Using a lookup table is faster than unpacking the bits and calculating the distances one-by-one for each document. It reduces the mathematical operations into a lookup operation which is much faster.
Remember in the MSE stage, the centroid assignments for 2 consecutive coordinates are bit-packed into a single number. So for a 4-bit representation, there are 16 centroids per coordinate. Hence there are 16x16=256 possible pairs of centroid assignments. We can pre-calculate the product of the query embedding and the centroid value (not assignment) at each coordinate into a lookup table with 256 entries. We only need to do this once for each query across all document comparisons.
In this way, when we sum up the products of the query embedding and centroid value at each coordinate, we actually get the cosine similarity of the quantised document embedding with the query for the MSE stage.
Rotate the query using the QJL seed to calculate the QJL adjustment.
Using definition 1 in the paper, we then rotate the query, again with FWHT, using the QJL random seed. The dot product of the rotated query vector and the QJL bits (unpacked of course) are then multiplied by the residual norm (calculated in QJL stage) and a scaling factor (see here).
Sum both values to get the final similarity score of the query to the documents.
The highest score is the document that is most relevant to the query. See here.
And there you have it! A ranked selection of documents corresponding to a user query!
Final thoughts
First and foremost, it was really enjoyable to be writing code by hand and to feel that you own the codebase again. The only thing I vibe coded was the one-page demo UI. (I mean, if you’re not going to use AI to write throwaway demos then what are you going to use it for? Right?)
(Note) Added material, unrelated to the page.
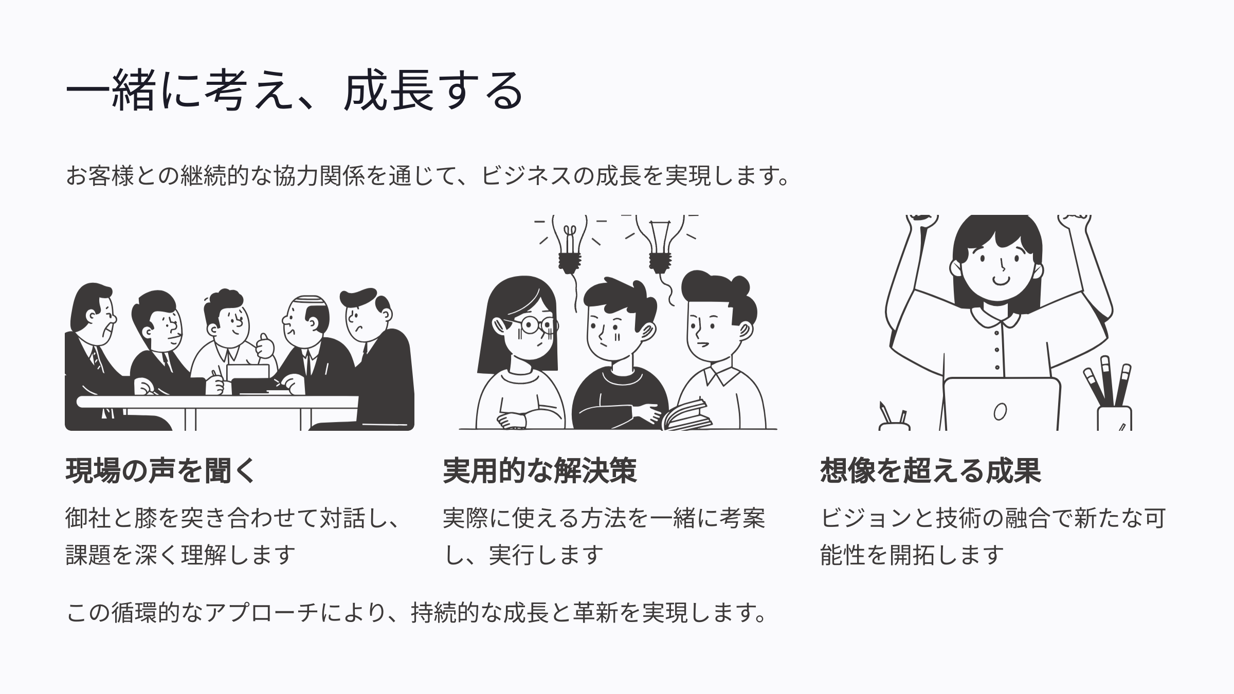 私たちは御社と膝を突き合わせ、現場の声を聞き、実際に使える解決策を一緒に考えます。

Secondly, TurboQuant represents a way to think about embeddings that I, personally, haven’t thought of before. The use of rotation to transform the space into a stable one that then has the effect of providing a lot of information up front (think about the lookup table step) that allows for efficient processing. This makes me think that there might be something there that allows for inter-model communication via neuralese language.
Third, the use a random rotation matrix (or of FWHT and the need for a stable seed) presents a way of preserving privacy in the sense that if the other party does not know what is the rotation matrix that should be used to decode the message, it will map the input embeddings to a different space which will result in gibberish outputs (I think).
Fourth, less of a thought and more of an admission of a cop-out. The paper uses the number of bits to mean both the MSE and QJL bits. In other words, the representation seen in this blog corresponds to a 5-bit TurboQuant according to the paper’s notation. This is something to note. I did this because if I had taken the paper’s notation, a 4 bit representation will end up with a 3-bit MSE representation and made the bit packing/unpacking together with the QJL bit excessively complicated for the purpose of this exercise. So what I did was I did the MSE stage in 4 bits and just store the QJL parts additionally.
Lastly, as mentioned at the beginning, the implementation is highly unoptimised and is more suited for instruction than production. Searching 3 million docs in 1.5s is not fast by today’s standards. I had used Polars data frames as my “database”. A dedicated vector database would probably be faster (although at the time of writing I don’t think any of them implemented the TurboQuant search algorithm. I could be wrong). The paper itself also mentioned that the use of implementations such as the AVX2 In-register Lookup Tables will dramatically improve performance.